By the Book: Seven Days in Rio

Wainscott author Francis Levy once again draws his bow and takes aim at Erotomania, which just happens to be the name of his previous novel. His new satiric sortie, Seven Days in Rio (Two Dollar Radio Press), includes that subject and more. Much more. And less, much less than either you or Levy’s sardonic, sex-obsessed protagonist Kenny Cantor might expect. At last, real “pornography”—the word means writing about prostitutes. Pun intended: “Real” is Brazilian currency, which Levy often invokes as “reality”—the perfect reference for this ironic fantasy.

You can’t “really” succumb to satisfying sex if you’re doing a number, and does Cantor ever do one on his own delusions of love and lust, as well as on the delusions of psychoanalysisFreudian, Lacanian, Sullivanian, Jungian (and with a nod to Skinner). In an Author Note, Levy says the Lacanian stuff is made up. “So don’t start writing irate letters to my blog, correcting this or that or asking for refunds.”

Seven Days in Rio is a clever, literate, not infrequently laugh-out-loud odyssey undertaken by a middle-aged, culturally informed Jewish accountant from New York who goes to Rio, the alleged sex capital of the world, as a sex tourist. He keeps missing out on culminations, however, because of his ruminations—mainly revisiting teenage guilt at having angered his mother when she discovered tight jeans in his closet (he goes to Rio wearing a Brooks Brothers suit, from its 1818 collection). How serendipitous that the hotel where he is staying is also holding a psychoanalytic convention.

Although whores are everywhere, freely showing their wares—Ken calls them all “Tiffany” (remember Holly Golightly’s real occupation in Breakfast At Tiffany’s?)—he tells the Copacabana concierge that he wants a sexy girl with all the best features, a request that reminds him “of the way my mother ordered fish over the phone: ‘I want a nice big piece of salmon, not too fancy.’” Meanwhile, he meets a Japanese Tiffany, called China, a Lacanian psychiatrist, who wears no underwear, with whom he falls in lust but who winds up treating him in 50-second Lacanian sessions (saving him time, though not money).

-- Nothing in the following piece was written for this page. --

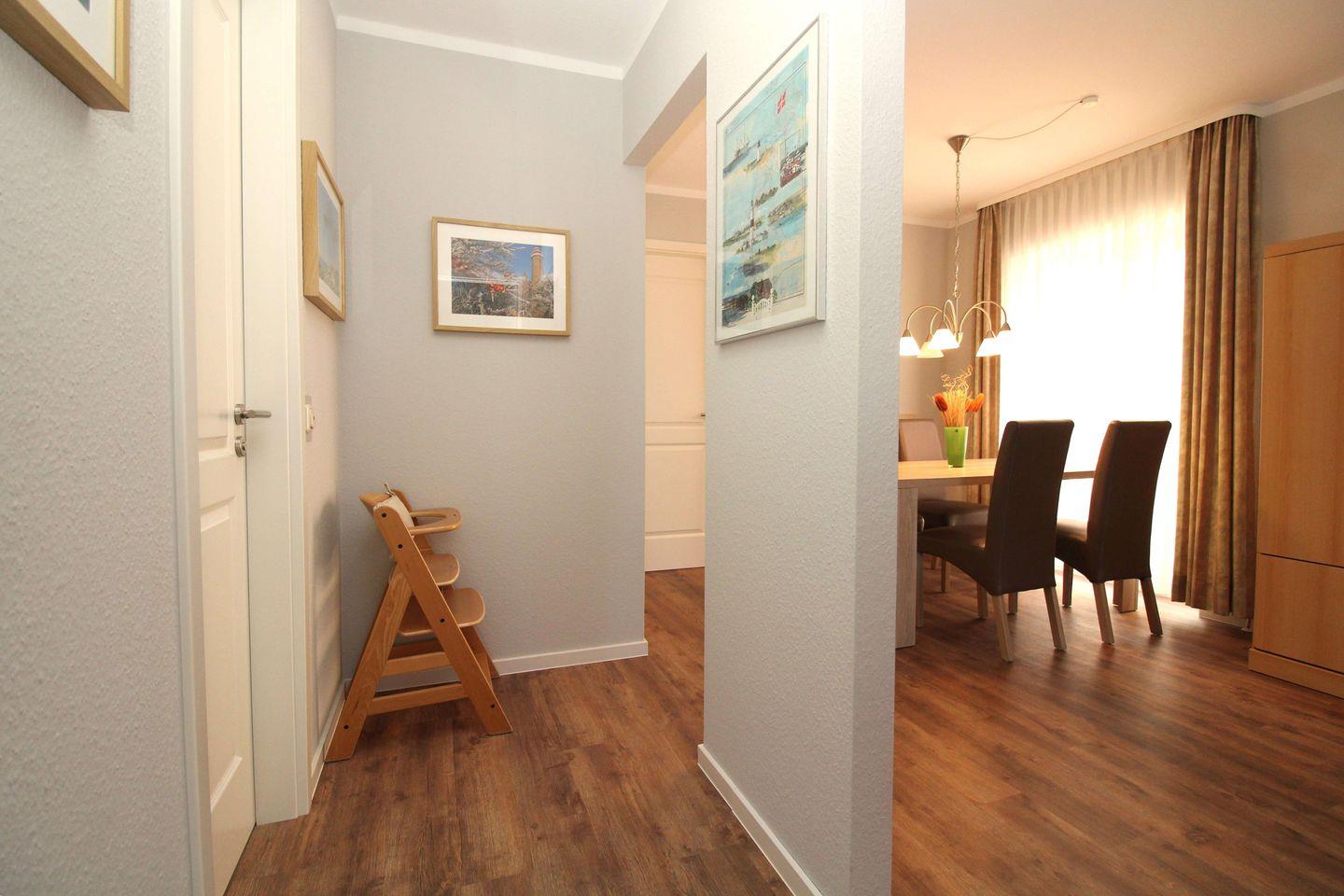 Ihre Schuhe und Jacken können Sie an der Garderobe (mit Spiegel) im Eingangsbereich der Wohnung unterbringen.

Though he acknowledges the oddity of a CPA knowing so much about psychoanalysis, he points out that he’s from New York “and all educated New Yorkers are experts in psychoanalysis, whether they undergo treatment or not.”

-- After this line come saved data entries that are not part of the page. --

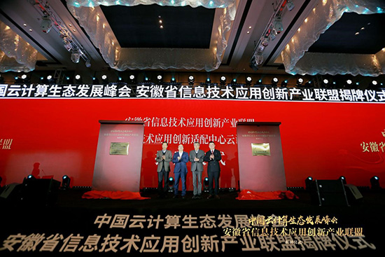 【国家工信部信软司副司长董大健、安徽省经信厅副厅长王厚亮上台共同为安徽省信息技术应用创新产业联盟揭牌;合肥市副市长王文松,华云数据董事长、总裁许广彬上台共同为安徽信息技术应用创新适配中心云计算实验室揭牌】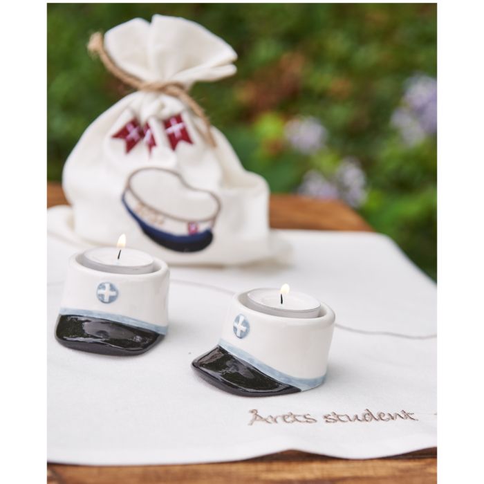 Hyggelig studenterpose med broderede dannebrogsflag og studenterhue på fra Speedtsberg. Fås med enten rød eller blå studenterhue.
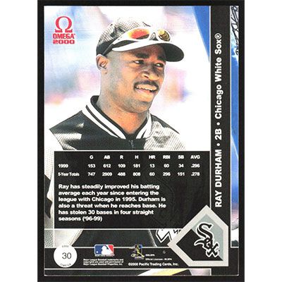 This is a 2000 Pacific Omega Ray Durham baseball card. The card is #30 and pictures show condition.

His sophistication gets him points, as when he chances upon an aging Tiffany: “Prostitution is the world’s oldest profession, but Rio was home to the world’s oldest prostitutes”—who wants to know if he’s “going out,” hooker lingo that reminds Ken of Noam Chomsky’s “universal grammar. This Tiffany looks to him a bit like Susan Sontag,” but she replies that she’s just a simple woman and doesn’t buy into Sontag’s “whole idea about the autonomy of art.”

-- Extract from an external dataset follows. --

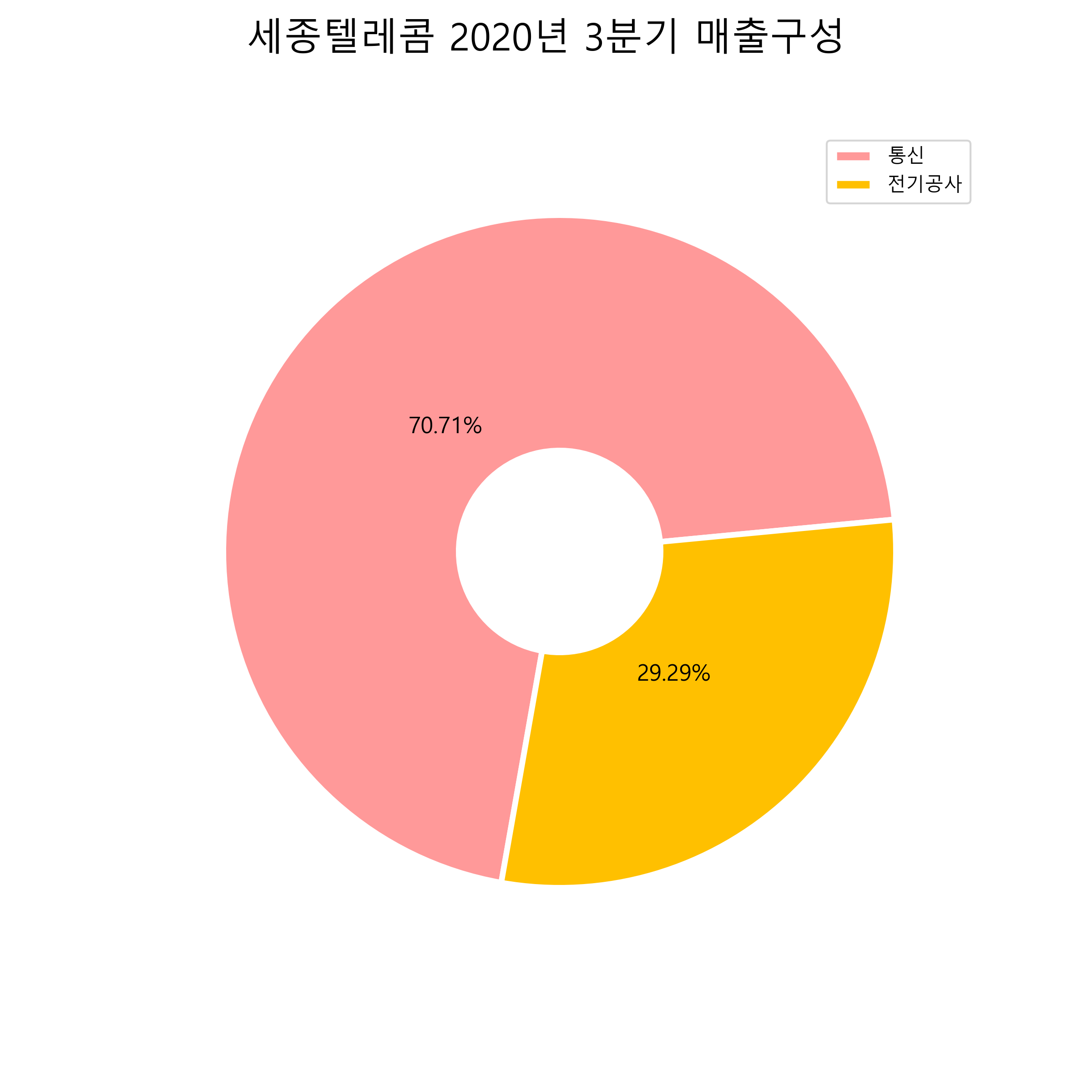 세종텔레콤의 2020년 3분기 매출구성입니다.

Much of the hilarity of Seven Days turns on picking up on the wild references, many to literature, French literary theory and foreign movies. Levy also plays on his own name, noting at one point that a Dr. Francesco Levi from Parma is making a major ballroom presentation on  “Erotomania: The Sequel.” The layering can be delicious, as when Cantor describes China’s mother as someone who “slept with a majority of the members of both houses of Brazil’s parliament, making her the most powerful woman in the country, at least while congress [!] was in session.”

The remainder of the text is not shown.